Each day this week Emily Quinton and Sarah Hamilton will be sharing their social media knowledge with you for their Just A Card Social Media Tutorials. 

Emily will share an inspiring video and Sarah will share her wise words below. We hope you find it valuable. We really want to help you to share all the wonderful things you do and create with the world. 

JUST A CARD is a celebration of all things independent and handmade! The aim is to highlight the incredible contribution designers, makers and independent shops make to a diverse high street and creative community, and the hard work they put in to creating and selling beautiful artwork. Not only is it a place to make new friends, to support each other and share your own and others work, it's also an opportunity to learn and develop. The JUST A CARD message is that all sales, even something as small as 'just a card', are vital and valuable to independents. They make such a difference in so many ways. They obviously help pay the bills, but are also a confidence boost - a hop, skip and a jump to any business owner or artist/maker. JUST A CARD not only encourages people to support independents, it also runs initiatives to help people find their market, for example over on our very popular blog and Twitter Hour we share advice and inspiration from other small businesses, and many people get involved. Many of you are so passionate about this and each one of our incredible volunteer team has a unique role to play. A big part of what I do for the campaign is running much of the Social Media. This has put me in a unique position to observe how others use this most powerful tool, and flag up ways it could be used more beneficially. It's such a great way to be seen and heard. Makers and shops really do need to embrace it, though many say they find it intimidating, and also that they don't have time to learn it. 

This is such a wasted opportunity on so many levels. Used strategically it will most definitely help you generate sales, meet suppliers, stockists and feel part of a wonderful community. I agree it does take work. But not a huge amount. Certainly the benefits way outweigh the time investment - I can honestly say it has revolutionised my business and opportunities, and lead me to incredible places and wonderful people. To help you feel more confident my friend and JUST A CARD team member Emily Quinton from Makelight and I have joined forces to put together these tutorials which are a guide to the various platforms. We recently invited Emily to our team as she's a Social Media expert and we know her warmth and no nonsense approach to will be an asset to us all. These tutorials will not only help you promote your work, they'll also assist you to form lasting relationships and connections to help you and your business to grow. Whether you're a wiz or a novice there will be something for you to think about. 

It's so important to remember that Social Media really isn't about post after post of a photoshopped lifestyle. There's way more to it than that. I've hardly put any images on my personal Instagram account for ages, yet I've used Social Media in ways beyond simply posting of my glamorous, or not! lifestyle. Even if you never put images or tweets up it's still very important to get an Instagram and Twitter account - with a clear bio about who you are and what you do. Here's why. Recently I met a designer at an show and thought I'd recommend his lovely work via my social media channels, so I asked him for his Twitter and Instagram address. He didn't have one. What a wasted opportunity – even if he only had one follower and had never posted I could have directed lots of people to his profile. If you hide you can't be recommended, and personal recommendations are always a great way to find customers.

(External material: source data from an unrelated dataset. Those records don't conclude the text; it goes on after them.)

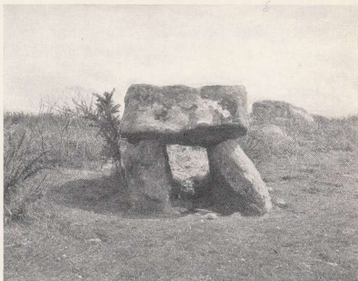
Fig. 1. MEACOMBE KISTVAEN, View looking S. 53° E.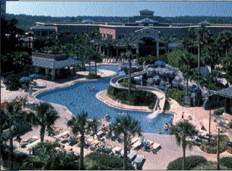
Waterslide at the Caribe Royale Resort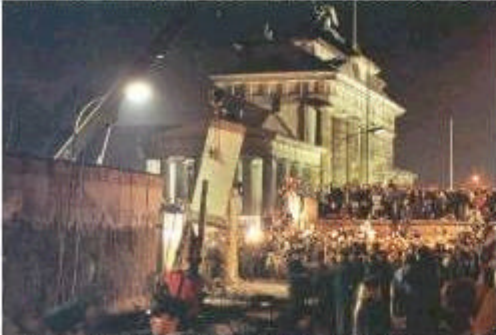
Berlin Wall falling on "11-9"-1989 6:30pm Elite families: Duponts, Freemans, Reynolds, Onassis, Merovingians, Bundys, Warburgs, Russells, Mellons, Carnegies, Dukes, Astors, Paynes, Bakers, Tukes, Cullmans, Winthops, Milners... Exactly "11" years later to the hour:

Numerology is important to the conspirators... (3,6,7,"11",13,19,39,93,666) Faith in the Father and Son gives hope to the believers.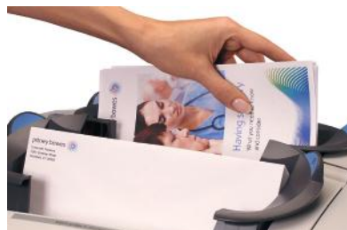
Insert feeder Add impact to your mail piece with a pre-folded brochure, notice or reply envelope.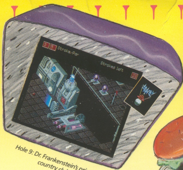
Hole 9: Dr. Frankenstein's private country club.

Unbelievable! Miniature golf beyond your wildest imagination. Nine of the craziest holes a golf ball's ever seen—all so incredi-ball, each one is like a separate arcade game. Here's a glimpse.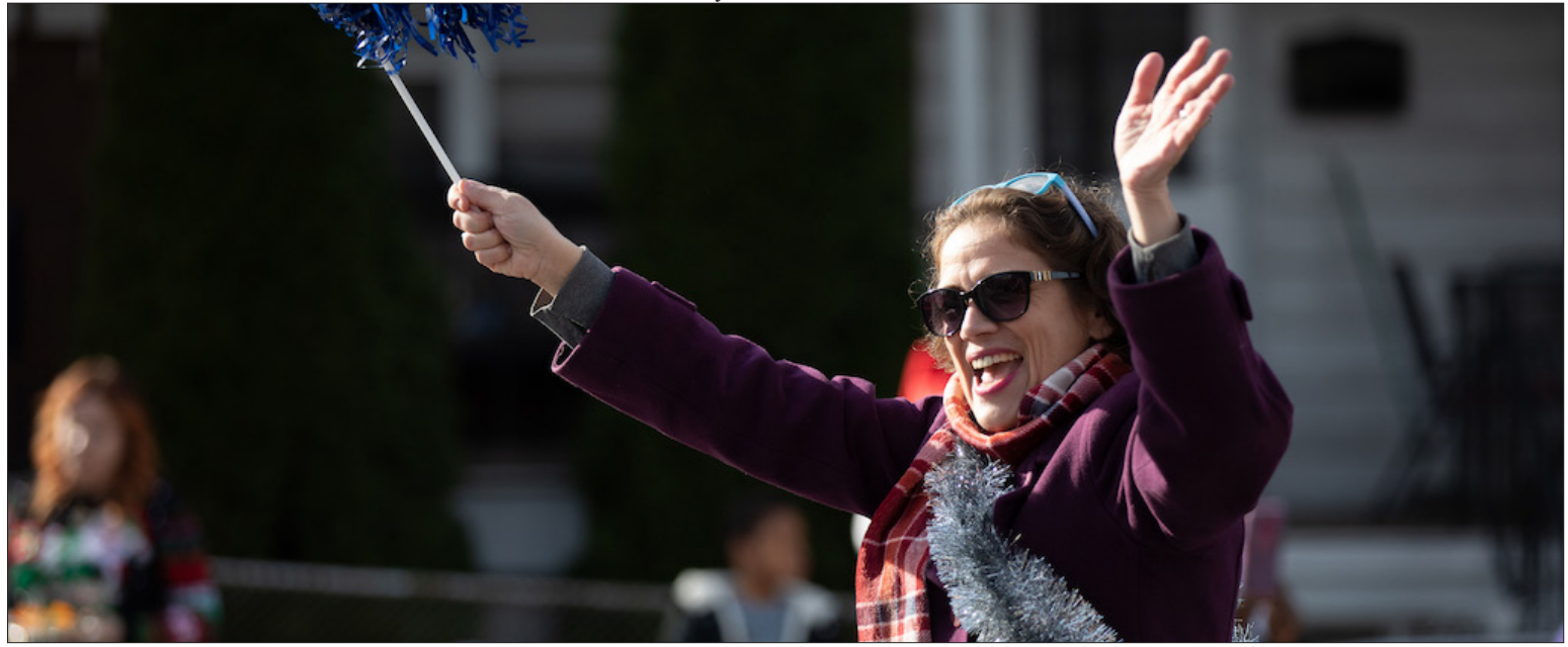
A very exuberant parade watcher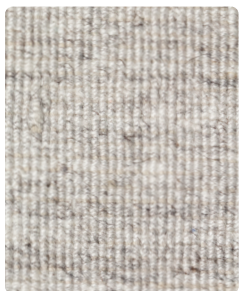
NK01 - LIGHT GREY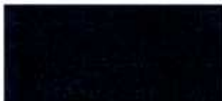
Burnished Slate (49)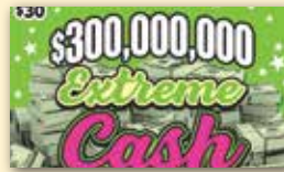
$300,000,000 Extreme Cash ($30), #785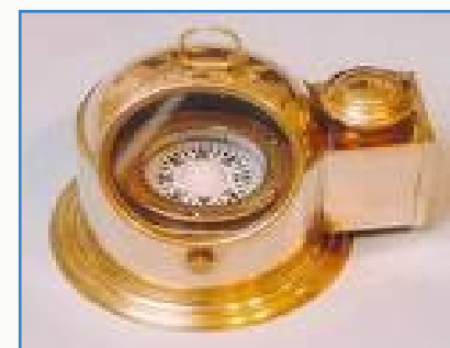
Marine Magnetic compass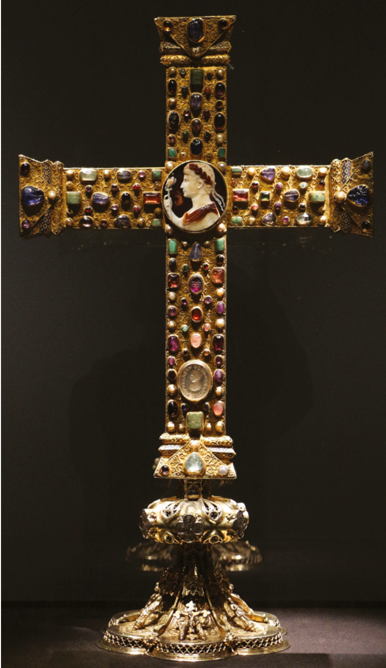
FIGURE 4.2 Cross of Lothair. Front side. 50 cm height, 38.5 cm width, 2.3 cm depth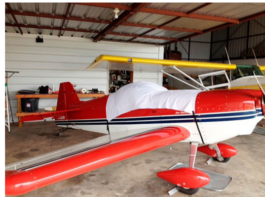
IAC One Design Canopy Cover, test fit cover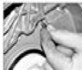
15.1h Fit the shims back into position

seals and the oil seal housing is to be fitted position.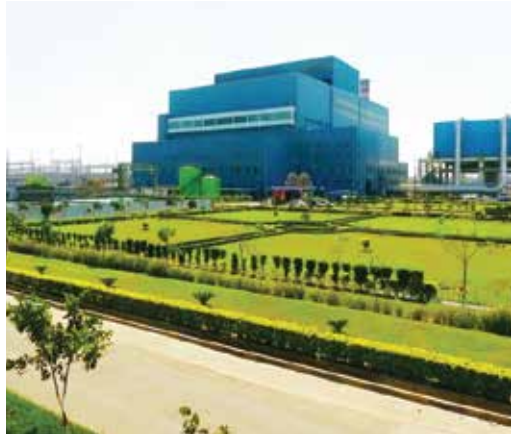
24 MW India's largest Waste to Energy Facility, Narela, Delhi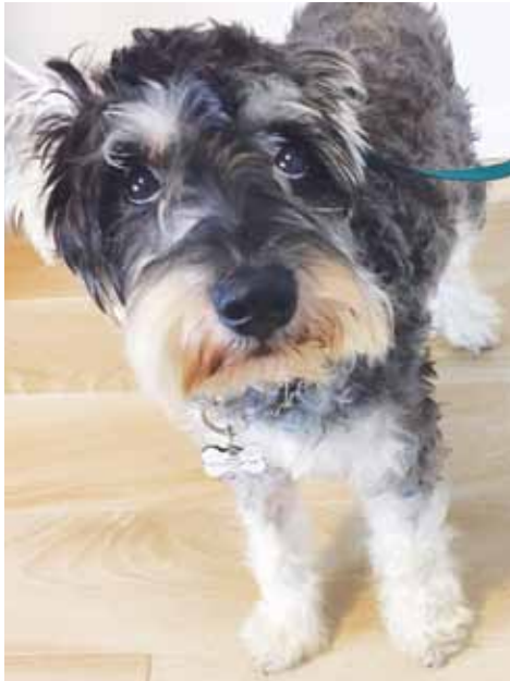
I am a 2-year-old male purebred Miniature Schnauzer. Not quite sure how it happened but I ended at an L.A. area shelter where everyone called me a stray. I heard that I was going to be adopted by someone but they must have changed their mind because no one ever came for me. Unbeknownst to me, the MSFR folks had heard my story and when it looked like I was going to be stuck at the shelter, they swooped in and rescued me. I'm a very good-natured pup who gets along with everyone. I'm still a youngster so I'm very playful but I have a really sweet

I believe that you've met my brother, Eugene, and heard our tale. I'm Banks , and at 17 pounds, I'm the "little" brother. I too am a male, purebred Miniature Schnauzer whose behavior more resembles that of a 3 year old than that of a 4 year old. Who would have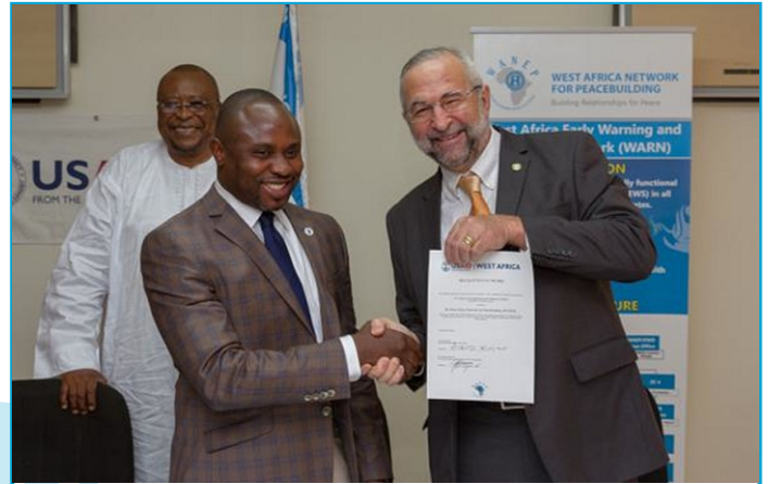
WANEP Executive Director & USAID West Africa Mission Director

WANEP and the United States Agency for International Development, USAID entered into a unique partnership on February 23, 2015 with the signing of a five-year contract for the implementation of a project on electoral violence. The direct partnership between the two institutions is the first of its kind in the region and attracted high-level interest from the US government including Counsellor to the US State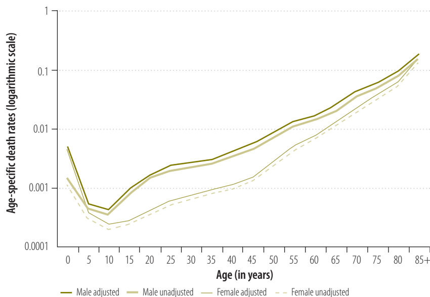
Fig. 3. Logarithmic plots of age- and sex-specific mortality rates (unadjusted and adjusted), Viet Nam, 2009

fectious diseases. Furthermore, although liver cancer is a leading cause of death in both males and females, chronic hepatitis B among adults probably accounts for a large proportion of liver cancers in Viet Nam. 24 Although these mortality indicators suggest that Viet Nam is experiencing an epidemiological transition, the country's current mixed burden of communicable and non-communicable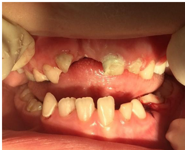
Figure 10 - Final immediate aspect

Tooth #46 received GIC sealant, and teeth #62 (labial), #61 (labial-mesial-palatal), and 85 (lingual) received GIC restorations. Because active white spots were present on teeth #73, #83, and #46, we applied fluoride varnish under dental anesthesia and the subsequent applications would be executed in dental chair. The other teeth also received fluoride varnish (figure 10). The finishing and polishing procedures were executed at outpatient setting.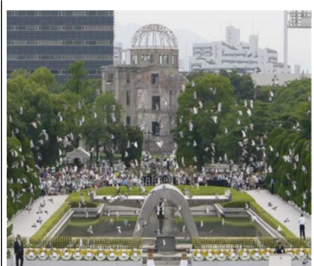
The August 6 Ceremony, Hiroshima. Notice the Axis leading from the Dome through the Cenotaph and into the place of the photographer (on top of the museum building).

So if you do nothing else - set up your accounts. It's easy!

Another place to shine is on your bio. If you're a bricks and mortar shop do make this clear in your bio. Otherwise most people will assume you're online only. Many people take mental notes of lovely places,  and instantly computing it as a physical shop will make people much more likely to visit. Ensure you put the address in your bio too - including country. The internet is a big place! 

Makers -  I'd  suggest you add your surname to your name on your account. It may be a personal thing, but I mostly don't follow accounts of people who don't add their surnames. Maybe others will but I know plenty of people who won't - somehow it makes you seem less real. I'd also strongly recommend you split your personal and business Instagram by setting up two disparate accounts. It's so hard to work out what you actually do if your artwork is interspersed with baby photos, or holiday snaps. There's a place for your home life, don't get me wrong I love babies, but if for example I'm selecting someone for HAVE YOU MET?! and all I can see are chubby cheeks I'll move on. I'm selecting artists, not judging the most beautiful baby competition. I'm not saying never use family/home shots -  they can work, for instance if they're a suggested inspiration or similar, but it's all about context.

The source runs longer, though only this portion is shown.